Ketiga, adapun mengenai shalat sunnah, sebagaimana
disebutkan oleh Sayyid Sabiq dalam karya monumentalnya, Fikih Sunnah, ada hukum
khusus dalam shalat sunnah, yaitu terkait dibolehkannya menunaikanya sambil
duduk, meskipun ia masih mampu berdiri atau tidak ada udzur syar’i. Hal ini
juga sebagaimana dinyatakan oleh Imam Hasan al-Bashri yang berpendapat boleh
shalat sunnah dengan duduk.
Namun perlu diperhatikan, jika melihat dalil yang digunakan,
dapat katakan bahwa nilai pahalanya menjadi separuh dari yang tetap
melaksanakan sambil berdiri. Sebagaimana disebutkan dalam sebuah hadits, bahwa
Abdullah bin Amru bin al-Ash pernah bertanya kepada Rasul saw tentang seseorang
yang shalat sunnah sambil duduk. Rasulullah saw menjawab, “Dia mendapat separuh
dari shalat dengan berdiri.” (HR. Ahmad).
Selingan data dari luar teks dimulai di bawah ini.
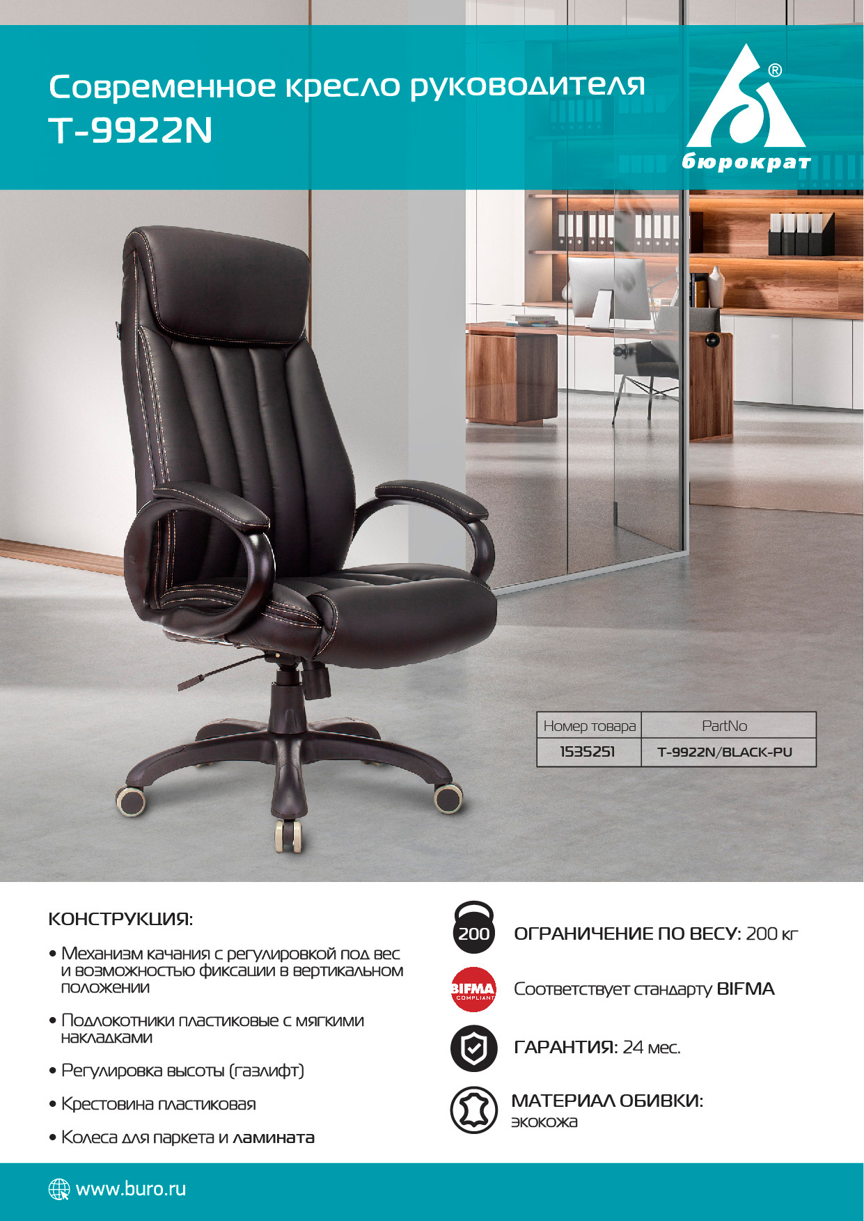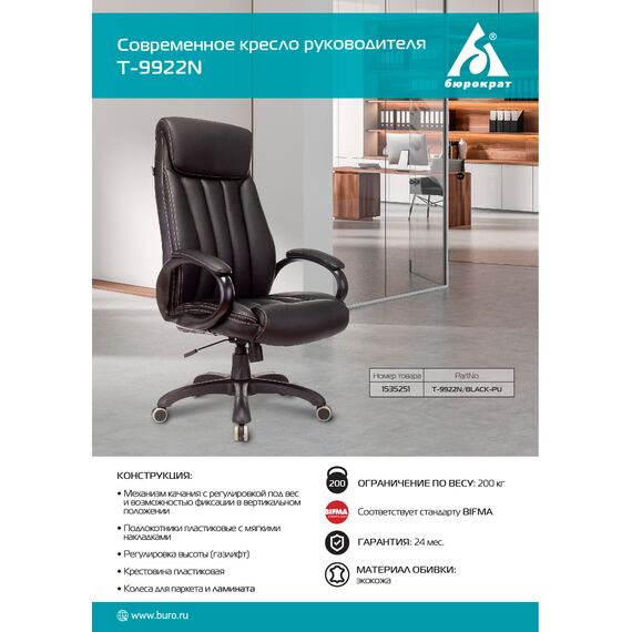 Наличие товара Бюрократ T-9922N/BLACK-PU

Legitimasi boleh shalat sunnah sambil duduk juga dikuatkan
dengan penjelasan Aisyah ra tentang shalat Malam Rasulullah saw, tepatnya
ketika ditanya oleh Abdullah bin Syaqiq. Aisyah menjawab, “Beliau shalat malam
sangat lama sambil berdiri dan kadang sambil duduk. Jika beliau melaksanakan
shalat malam dengan berdiri ketika membaca surah, maka demikian pula ketika
rukuk. Jika beliau melakukan shalat malam dengan duduk ketika membaca surah,
maka demikian pula ketika rukuk.” (HR. Muslim)
Keempat, Oleh karena itu, jika Anda melihat ada orang yang
shalat sunnah sambil duduk, maka ia diperkenankan oleh syariat. Namun tetap
lebih utama –jika tidak ada udzur—untuk melakukan dengan berdiri, normal
seperti hukum asalnya. Hal ini berdasarkan bunyi sabda Rasul saw, “Jika shalat
sambil berdiri, maka itu lebih afdhal. Jika shalat sambil duduk, maka pahalanya
separuh dari yang berdiri. Barangsiapa shalat sambil tidur, itu separuh dari
pahala orang yang duduk.” (HR. Bukhari).
Dan penting dicatat, tentu legitimasi tersebut tidak tepat
jika dilakukan sebagai dalih “bermalas-malasan” shalat, setiap kali shalat
sunnah, dan terus dilakukan tanpa menghiraukan mengoptimalkan kemampuan.
Demikian pula lebih utama dihindari bila ditakutkan menjadi salah paham bagi
khalayak umum yang masih belum mengetahui tentang hukumnya.